Thompson traded up in the second round to land Worthy. For that investment, the team received 2.5 million words of unbridled optimism but only 2.5 sacks.

Thompson traded back into the second round to land cornerback Casey Hayward, who had an All-Rookie season with six interceptions. His 2013 was a lost cause due to a series of hamstring problems. He’s had a solid training camp this summer but hasn’t challenged for a starting job.

The team hit a home run by adding defensive tackle Mike Daniels with the first of its fourth-round compensatory picks but swung and missed on safety Jerron McMillian, who was an accident waiting to happen in the passing game. Fifth-round linebacker Terrell Manning, his rookie season derailed by colitis, has three career tackles but five career teams.

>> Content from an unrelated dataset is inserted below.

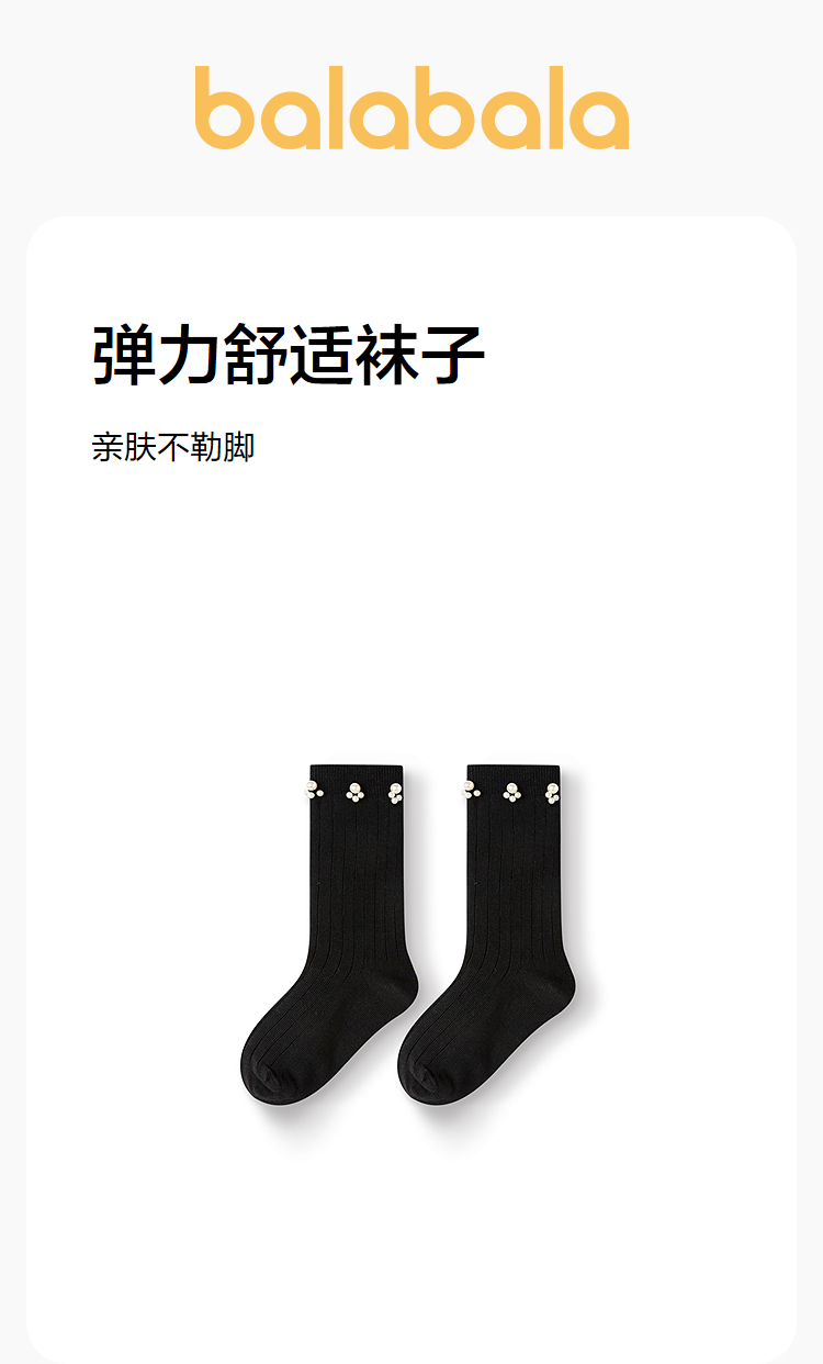 【商场同款】巴拉巴拉女童袜子秋新品儿童中筒珍珠袜不勒脚单双装

In the three drafts from 2011 through 2013, the team used eight draft picks in the first, second and third rounds. For that investment, Green Bay gained just two proven starters (Randall Cobb and Eddie Lacy). That’s equal to the number of players who no longer are on the roster (Alex Green and Worthy).

The three first-round picks were Derek Sherrod, Perry and Datone Jones. Sherrod’s career has gone nowhere, through no fault of his own. Because of Perry’s problems, the Packers signed Julius Peppers and drafted Carl Bradford. Jones, who said he finished last season “strong” — even though he barely played down the stretch — has had a so-so training camp but is slated to start anyway.

Who knows the subject of Rodgers’ comments, and who knows if the Worthy trade was Thompson’s way of sending a message to anyone feeling “entitled.” Regardless, for a team that hasn’t had a single major change of the depth chart during training camp, the trade ought to put some players on alert.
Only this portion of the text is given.